Still, a respectful and absorbing page-turner.

Hannah’s new novel is an homage to the extraordinary courage and endurance of Frenchwomen during World War II.

In 1995, an elderly unnamed widow is moving into an Oregon nursing home on the urging of her controlling son, Julien, a surgeon. This trajectory is interrupted when she receives an invitation to return to France to attend a ceremony honoring passeurs: people who aided the escape of others during the war. Cut to spring, 1940: Viann has said goodbye to husband Antoine, who's off to hold the Maginot line against invading Germans. She returns to tending her small farm, Le Jardin, in the Loire Valley, teaching at the local school and coping with daughter Sophie’s adolescent rebellion.
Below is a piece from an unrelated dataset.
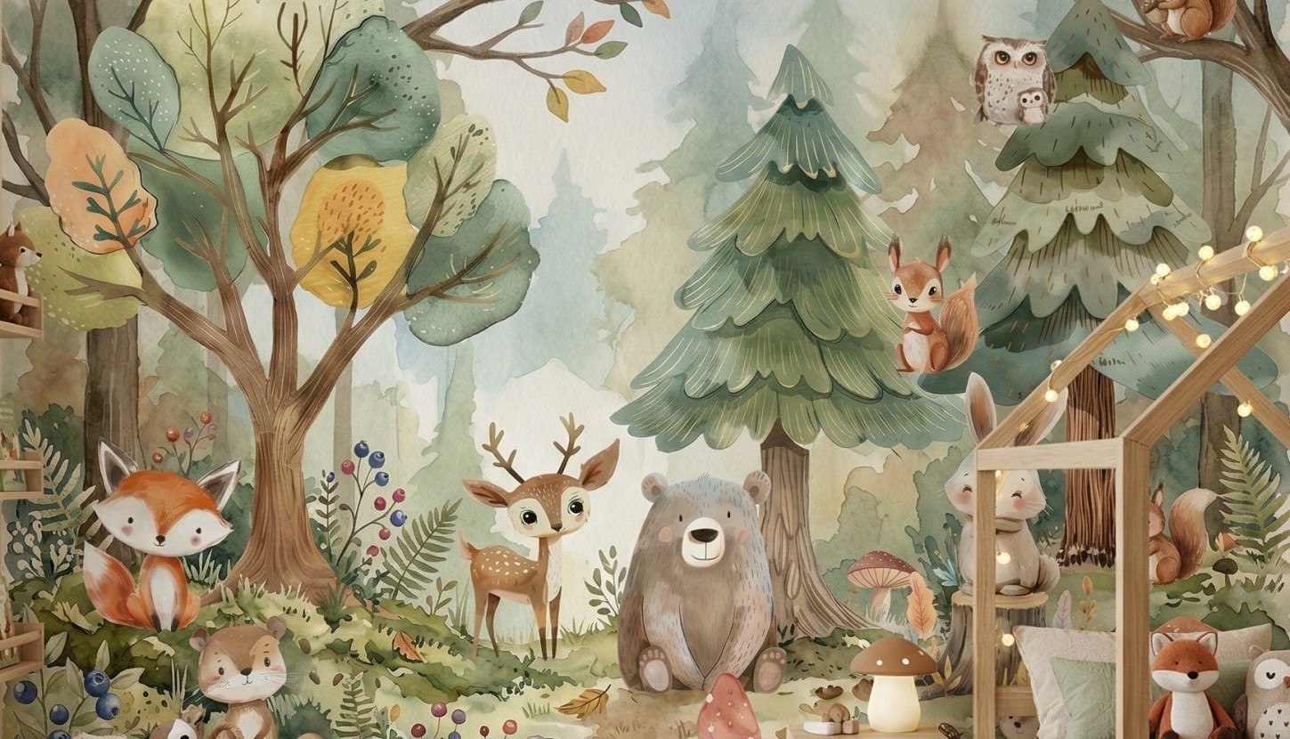 Fototapeta dla dzieci Tapeta las leśna zwierzęta leśne drzewa miś sarna wilk na wymiar FZL10

Soon, that world is upended: The Germans march into Paris and refugees flee south, overrunning Viann’s land. Her long-estranged younger sister, Isabelle, who has been kicked out of multiple convent schools, is sent to Le Jardin by Julien, their father in Paris, a drunken, decidedly unpaternal Great War veteran. As the depredations increase in the occupied zone—food rationing, systematic looting, and the billeting of a German officer, Capt. Beck, at Le Jardin—Isabelle’s outspokenness is a liability. She joins the Resistance, volunteering for dangerous duty: shepherding downed Allied airmen across the Pyrenees to Spain. Code-named the Nightingale, Isabelle will rescue many before she's captured. Meanwhile, Viann’s journey from passive to active resistance is less dramatic but no less wrenching. Hannah vividly demonstrates how the Nazis, through starvation, intimidation and barbarity both casual and calculated, demoralized the French, engineering a community collapse that enabled the deportations and deaths of more than 70,000 Jews. Hannah’s proven storytelling skills are ideally suited to depicting such cataclysmic events, but her tendency to sentimentalize undermines the gravitas of this tale.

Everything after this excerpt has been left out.